In connection with the proposed merger, Thermo Electron will file with the
Securities and Exchange Commission (the "SEC") a Registration Statement on Form
S-4 that will include a joint proxy statement of Thermo Electron and Fisher
Scientific that also constitutes a prospectus of Thermo Electron. Thermo
Electron and Fisher Scientific will mail the joint proxy statement/prospectus
to their respective stockholders. Investors and security holders are urged to
read the joint proxy statement/prospectus regarding the proposed merger when it
becomes available because it will contain important information. You may obtain
a free copy of the joint proxy statement/prospectus (when available) and other
related documents filed by Thermo Electron and Fisher Scientific with the SEC
at the SEC's website at www.sec.gov. The joint proxy statement/prospectus (when
it is available) and the other documents may also be obtained for free by
accessing Thermo Electron's website at http://www.thermo.com under the heading
"About Thermo" and then under the heading "Investors" or by accessing Fisher
Scientific's website at http://www.fisherscientific.com under the tab "Investor
Info."

Participants in the Solicitation
--------------------------------

Thermo Electron, Fisher Scientific and their respective directors and executive
officers may be soliciting proxies from stockholders in favor of the merger.

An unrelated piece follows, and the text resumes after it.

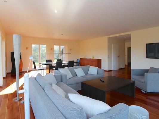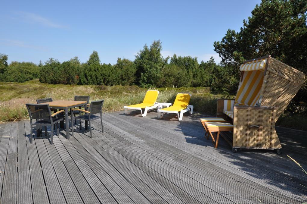 Die Küche der Firma "Leicht" ist mit erstklassigen Elektrogeräten ausgestattet, auf der Terrasse stehen Gartenmöbel und ein Strandkorb bereit.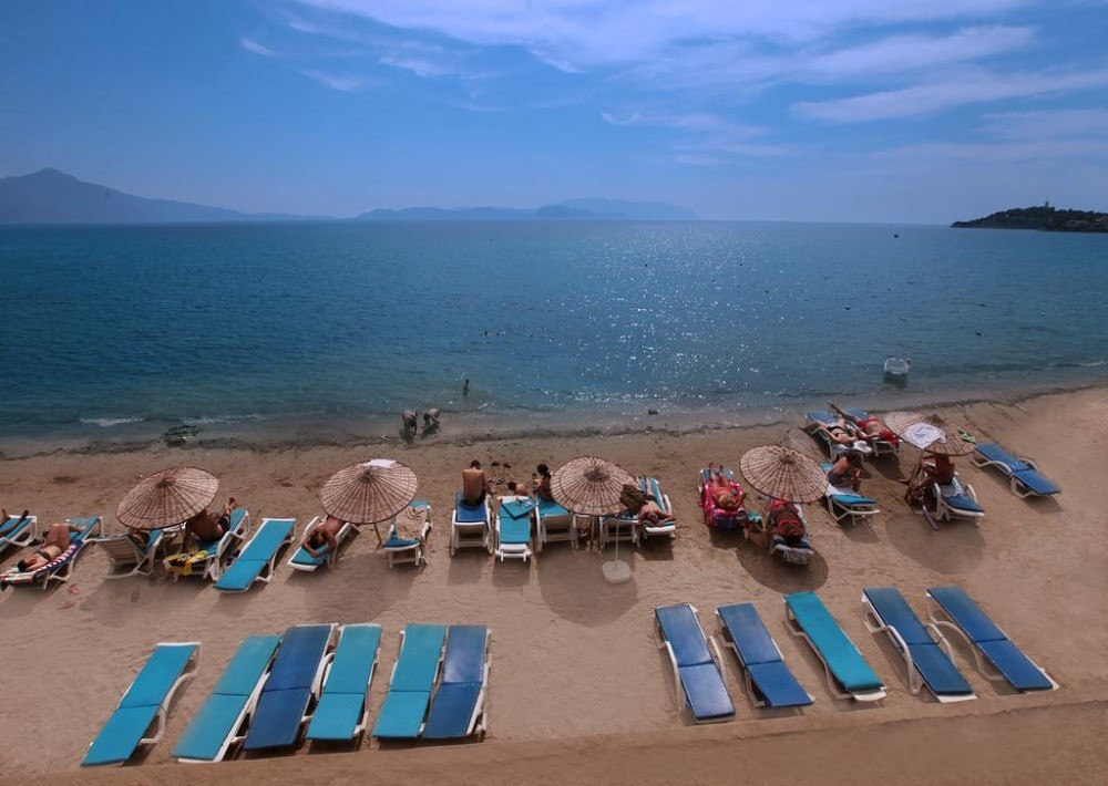 Собствена пясъчна ивица с дължина 25 м. Чадъри и шезлонги на плажа и при басейна – безплатно. Плажни кърпи - безплатно.

Information regarding the persons who may, under the rules of the SEC, be
considered participants in the solicitation of the stockholders in connection
with the proposed merger will be set forth in the joint proxy
statement/prospectus when it is filed with the SEC. You can find information
about Thermo Electron's executive officers and directors in Thermo Electron's
definitive proxy statement filed with the SEC on April 11, 2006. You can find
information about Fisher Scientific's executive officers and directors in their
definitive proxy statement filed with the SEC on April 6, 2006. You can obtain
free copies of these documents from the Thermo Electron or Fisher Scientific
using the contact information above.